■ Work instruction: Using the data that follows, give again word for word the lines between the one holding "バレエ レオタード 子供" and the one holding "为厚植感恩情怀,凝聚奋进力量", inclusive. Omit the pictures.

■ Input material:
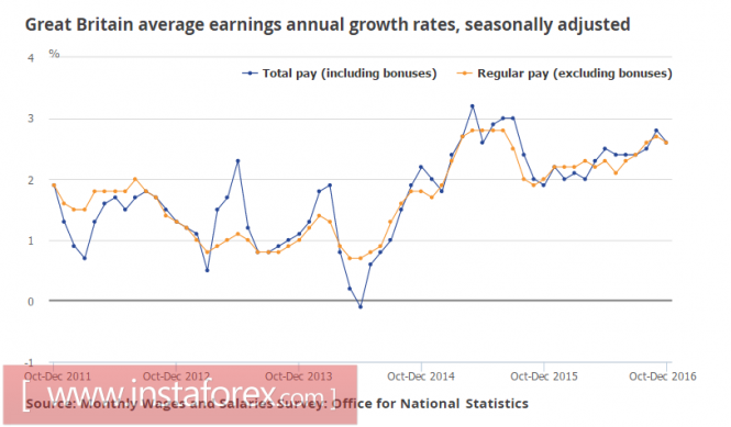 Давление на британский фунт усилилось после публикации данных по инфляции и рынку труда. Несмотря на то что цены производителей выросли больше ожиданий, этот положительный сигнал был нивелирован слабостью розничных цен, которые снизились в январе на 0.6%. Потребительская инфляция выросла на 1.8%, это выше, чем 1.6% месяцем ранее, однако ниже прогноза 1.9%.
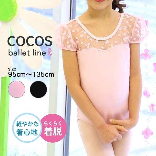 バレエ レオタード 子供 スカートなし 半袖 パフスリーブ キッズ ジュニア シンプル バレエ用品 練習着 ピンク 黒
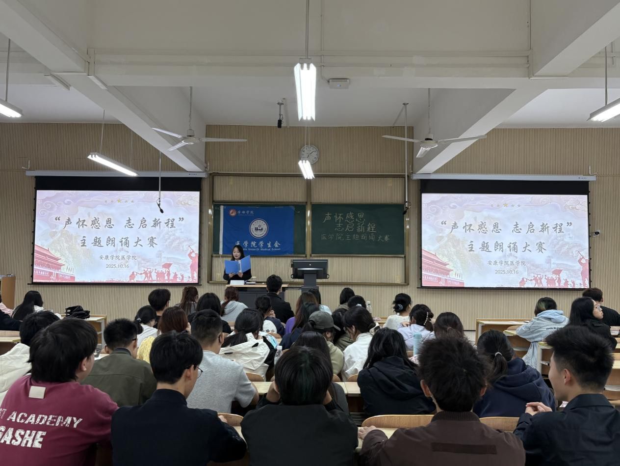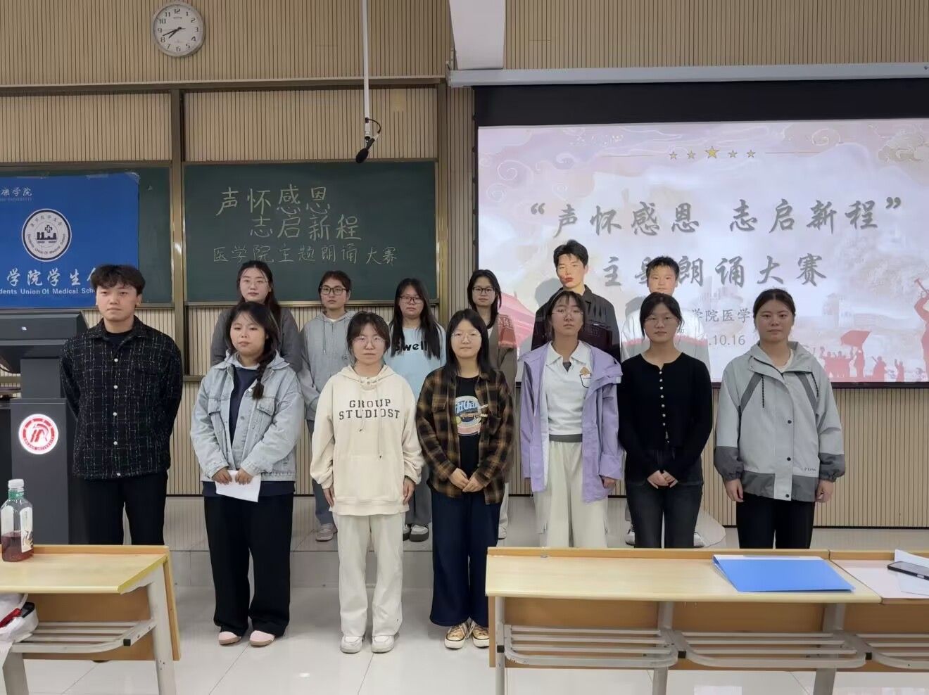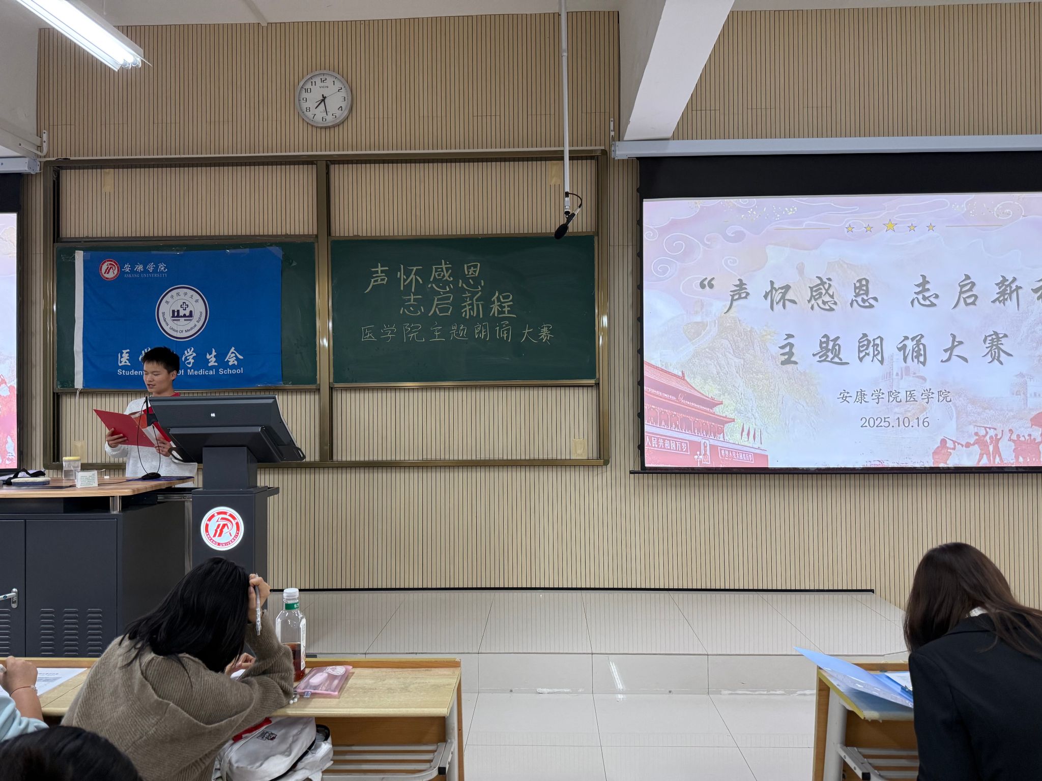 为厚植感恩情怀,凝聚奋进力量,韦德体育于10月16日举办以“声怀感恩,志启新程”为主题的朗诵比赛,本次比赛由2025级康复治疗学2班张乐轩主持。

---

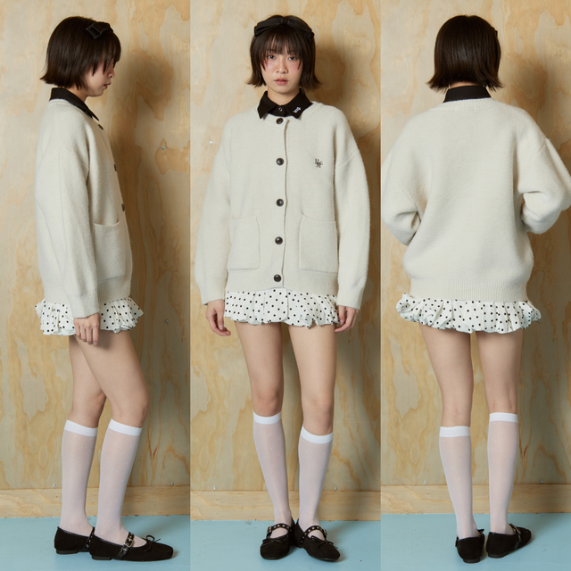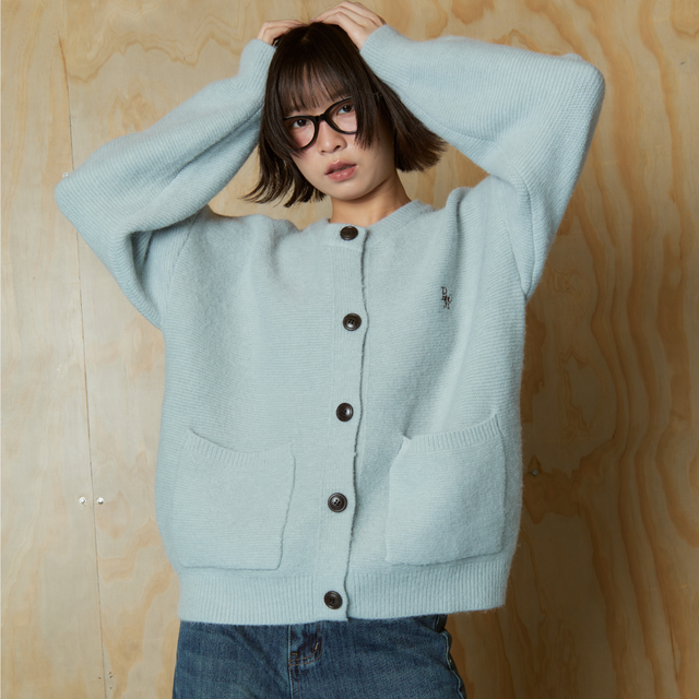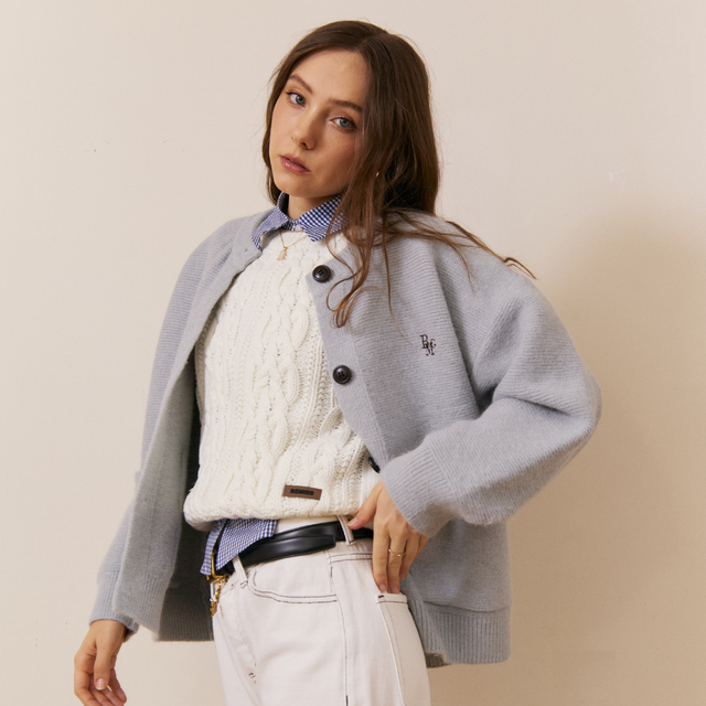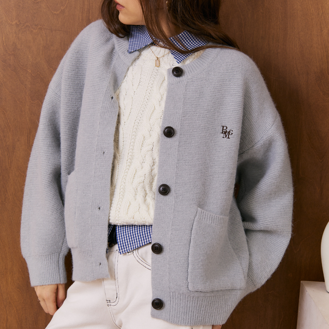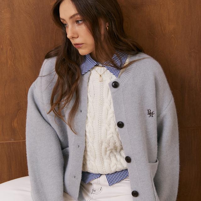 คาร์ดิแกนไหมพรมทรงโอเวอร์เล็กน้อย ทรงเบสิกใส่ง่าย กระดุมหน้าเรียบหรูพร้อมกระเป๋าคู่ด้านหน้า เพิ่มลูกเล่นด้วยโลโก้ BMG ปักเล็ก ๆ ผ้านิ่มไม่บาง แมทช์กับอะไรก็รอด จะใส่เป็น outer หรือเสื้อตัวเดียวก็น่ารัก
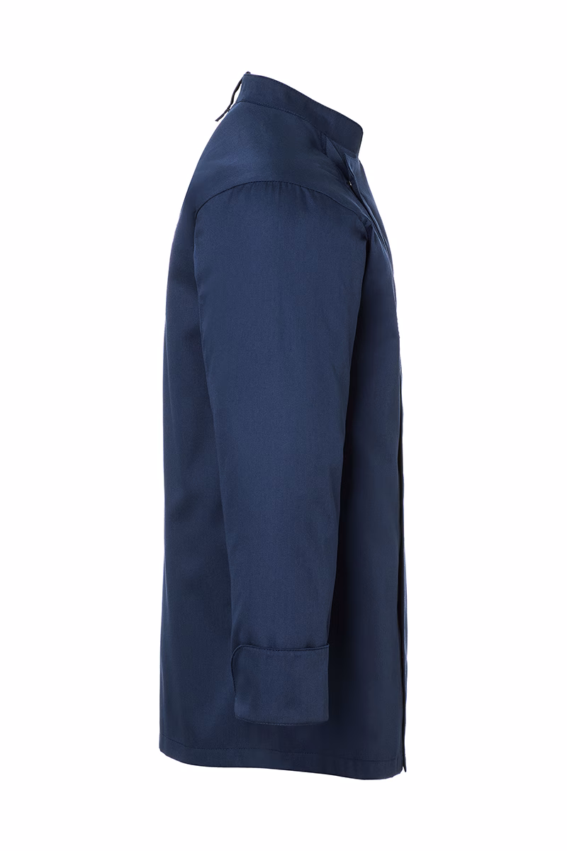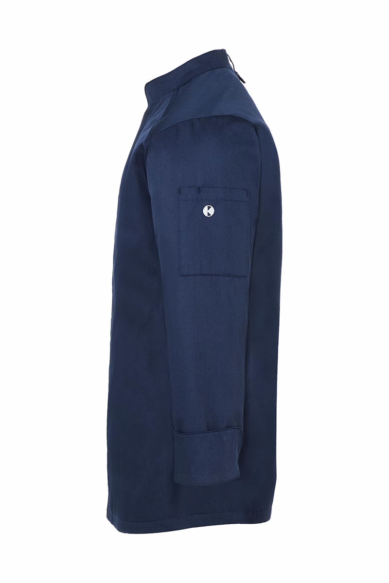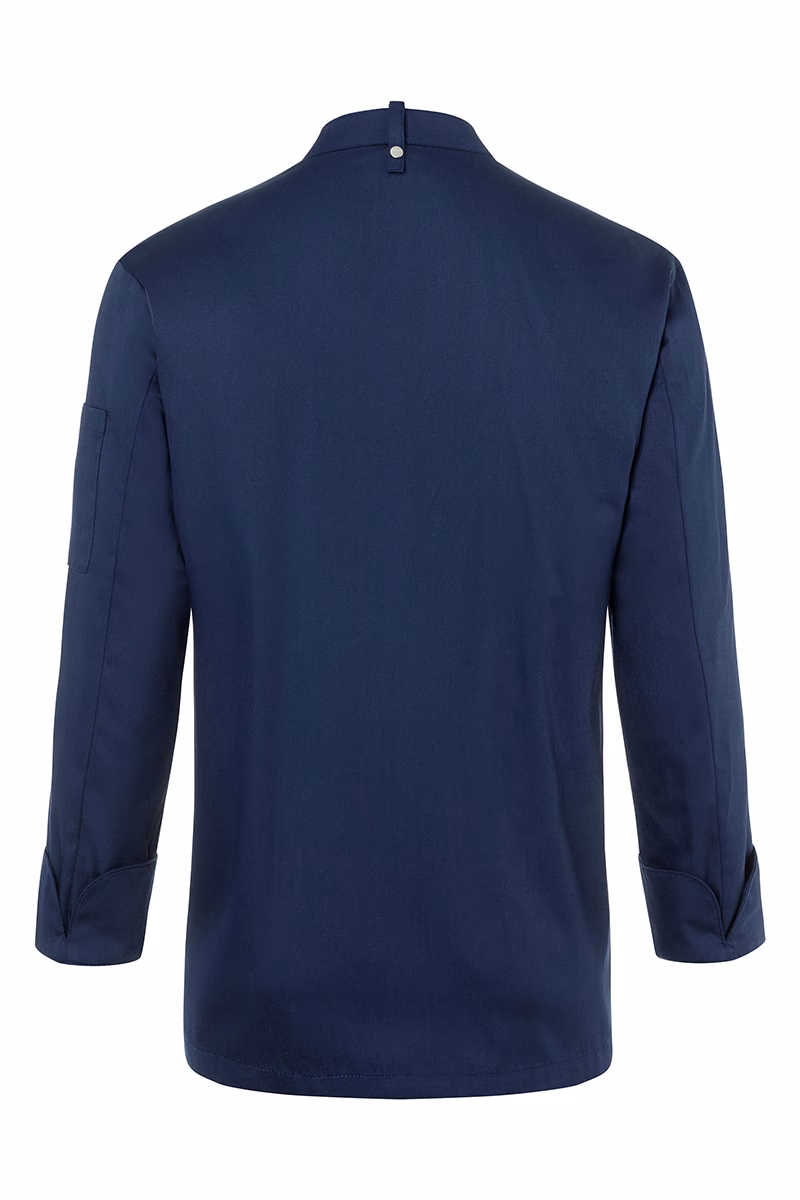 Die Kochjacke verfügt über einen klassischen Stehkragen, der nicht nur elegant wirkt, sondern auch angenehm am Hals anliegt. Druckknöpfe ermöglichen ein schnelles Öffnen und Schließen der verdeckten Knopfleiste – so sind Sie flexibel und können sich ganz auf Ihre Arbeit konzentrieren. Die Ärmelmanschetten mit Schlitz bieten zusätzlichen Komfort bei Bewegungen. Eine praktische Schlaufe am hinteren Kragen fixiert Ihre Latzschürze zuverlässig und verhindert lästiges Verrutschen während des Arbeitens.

■ Expected answer:
 バレエ レオタード 子供 スカートなし 半袖 パフスリーブ キッズ ジュニア シンプル バレエ用品 練習着 ピンク 黒
 为厚植感恩情怀,凝聚奋进力量,韦德体育于10月16日举办以“声怀感恩,志启新程”为主题的朗诵比赛,本次比赛由2025级康复治疗学2班张乐轩主持。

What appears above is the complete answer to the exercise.